Like all human beings, jurors come with biases, prejudices, and
preconceived notions.1 Jury misconduct contentions may arise when jurors
bring their biases, prejudices, and preconceived notions with them into the
jury room and use them against a party.
While attorneys attempt to weed out jurors with unfavorable biases
during the voir dire process, they are not always successful.2 Some jurors fail to disclose biases during
voir dire, only to have them later exposed by fellow jurors after a verdict has
been returned. Jury misconduct
discovered at this stage can lead to a mistrial, resulting in a huge waste of
resources.3
In 1987, the Supreme Court addressed the issue of discovering jury
misconduct post-trial.4 In Tanner
v. United States, the Court held that jury misconduct such as consuming alcohol, marijuana,
and cocaine during jury deliberations was not enough to overturn a jury verdict.5 Justice O’Connor delivered
the opinion to the Court and expressed her concerns about allowing jury
misconduct to result in a mistrial:
There is little doubt that
post verdict investigation into juror misconduct would in some instances lead
to the invalidation of verdicts reached after irresponsible or improper juror
behavior. It is not at all clear, however, that the jury system could survive
such efforts to perfect it. Allegations of juror misconduct, incompetency, or
inattentiveness, raised for the first time days, weeks, or months after the
verdict, seriously disrupt the finality of the process. [. . . .] Moreover,
full and frank discussion in the jury room, jurors' willingness to return an unpopular
verdict, [. . .] and the community's trust in a system that
relies on the decisions of laypeople would all be undermined by a barrage of
post verdict scrutiny of juror conduct.6
The Supreme Court based its decision to deny a hearing on jury misconduct on Federal Rule of Evidence 606(b).7 According to the rule, a juror may not testify about statements made or incidents
that occurred during the jury’s deliberations.8 In line with Justice O’Connor’s opinion, this
juror anti-impeachment rule was put into place to encourage jurors to freely
express themselves during deliberations, to reduce the amount of post-trial
hounding jurors receive from lawyers, and to provide verdict finality.9
However, courts
do not always turn a blind eye to juror misconduct. The appellate courts have inconsistently
applied FRE 606(b) in their decisions, thus making it difficult to decide what exactly
constitutes juror misconduct severe enough to warrant a mistrial. This split recently led the Supreme Court to
grant cert in Warger v. Shauers.10 The case was brought by a motorcyclist whose
motorcycle collided with a truck near Mount Rushmore in South Dakota.11 The motorcyclist lost his leg in the accident
and sued the truck driver for negligence, which resulted in a jury verdict in
favor of the truck driver. 12 And this is where the case gets interesting:
after the trial, one of the jurors had second thoughts and told the
motorcyclist’s lawyer that the forewoman decided the case based on her own
personal experiences rather than on the evidence presented. 13 According to the juror’s sworn statement, the
forewoman told her fellow jurors during jury deliberations that her daughter
was at fault in a fatal automobile accident and that a lawsuit would have ruined
her daughter’s life. 14 Based on the juror’s sworn testimony, the
motorcyclist’s attorney moved for a mistrial on the grounds that the juror had
lied during voir dire,15 but the district court denied the motorcyclist’s
motion, using as its support FRE 606(b).16
The case will be heard on October 8th, 2014, and the
Supreme Court will ultimately decide “[w]hether Federal Rule of Evidence 606(b)

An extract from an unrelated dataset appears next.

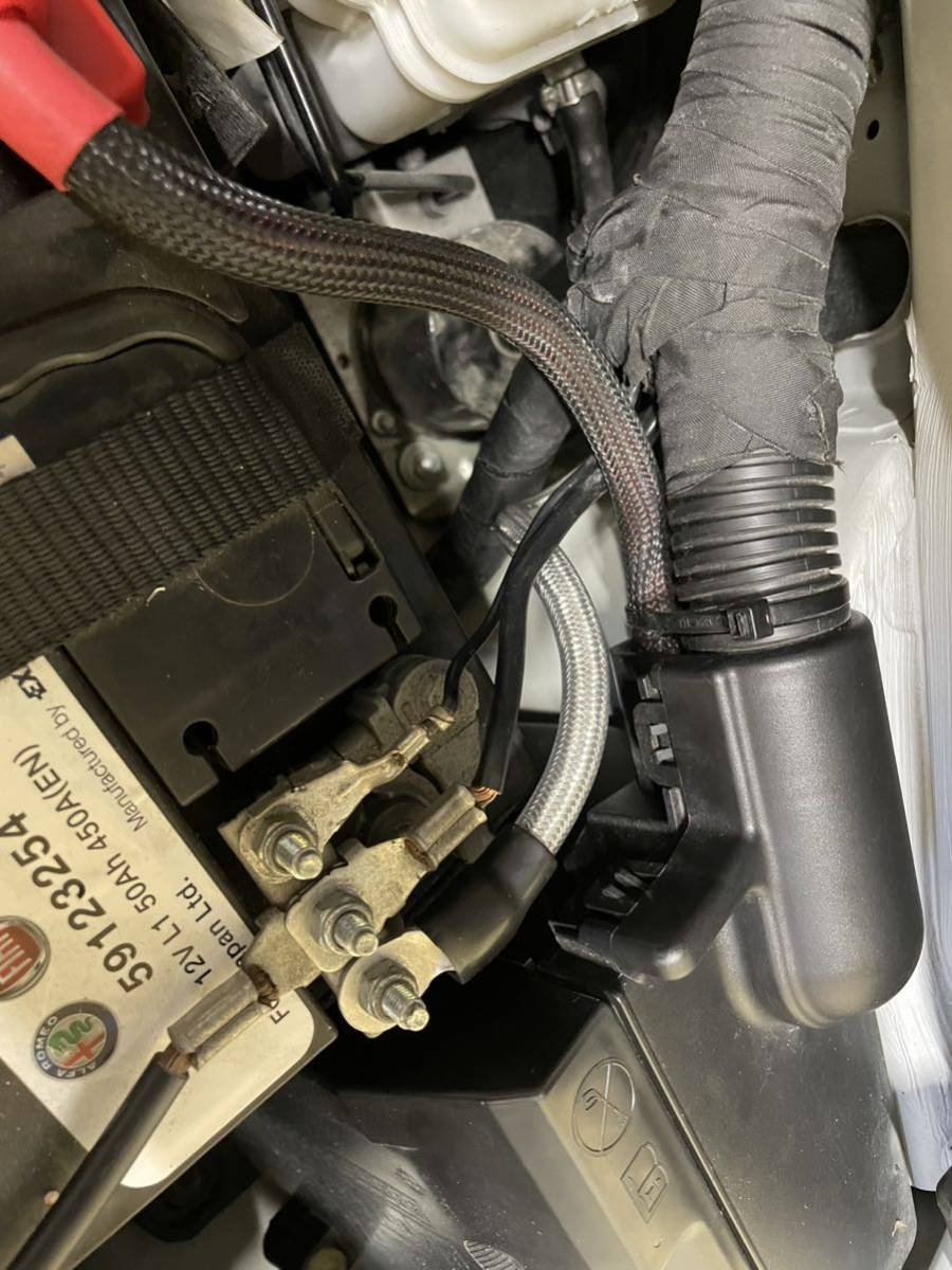 アバルト500 595用アースです。ノーマルのアースポイントの奥のボルトで長さを合わせて制作しています。ノーマルのケーブルがあまりに貧弱ですのでリフレッシュついでに追加してみてはいかがでしょうか?

permits a party moving for a new trial based on juror dishonesty during voir
dire to introduce juror testimony about statements made during deliberations
that tend to show the alleged dishonesty.”17 In
other words, can the motorcyclist rely on evidence from inside the jury room to
get a new trial? 18 Hopefully
the Supreme Court will go further than just answering this question and address
the federal circuit’s split, which may shed light on how severe juror conduct
must be before a mistrial is warranted.